PROBLEM
Produce word for word the lines of the data below running from the one that has "รั้วตาข่ายถักปม รุ่นถี่พิเศษ 4x4" to the one that has "Two porcelain pieces: a", inclusive, and no others.

THE RECORDS
= = = = = = =

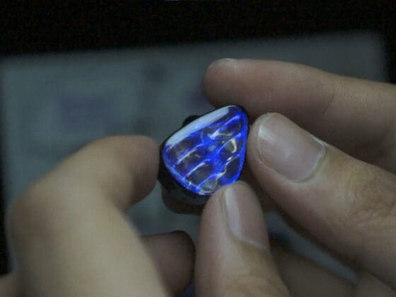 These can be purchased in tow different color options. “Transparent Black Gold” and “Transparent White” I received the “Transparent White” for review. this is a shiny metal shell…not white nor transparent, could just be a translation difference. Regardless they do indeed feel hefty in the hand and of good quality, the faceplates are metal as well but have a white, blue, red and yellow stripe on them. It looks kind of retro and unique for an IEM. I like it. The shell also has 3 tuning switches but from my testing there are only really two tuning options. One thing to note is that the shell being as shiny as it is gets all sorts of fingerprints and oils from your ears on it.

= = = = = = =

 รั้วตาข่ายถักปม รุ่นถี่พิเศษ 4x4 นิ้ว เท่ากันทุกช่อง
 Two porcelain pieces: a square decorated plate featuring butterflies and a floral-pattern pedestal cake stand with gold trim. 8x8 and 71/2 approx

= = = = = = =

TASK RESULT
 รั้วตาข่ายถักปม รุ่นถี่พิเศษ 4x4 นิ้ว เท่ากันทุกช่อง
 Two porcelain pieces: a square decorated plate featuring butterflies and a floral-pattern pedestal cake stand with gold trim. 8x8 and 71/2 approx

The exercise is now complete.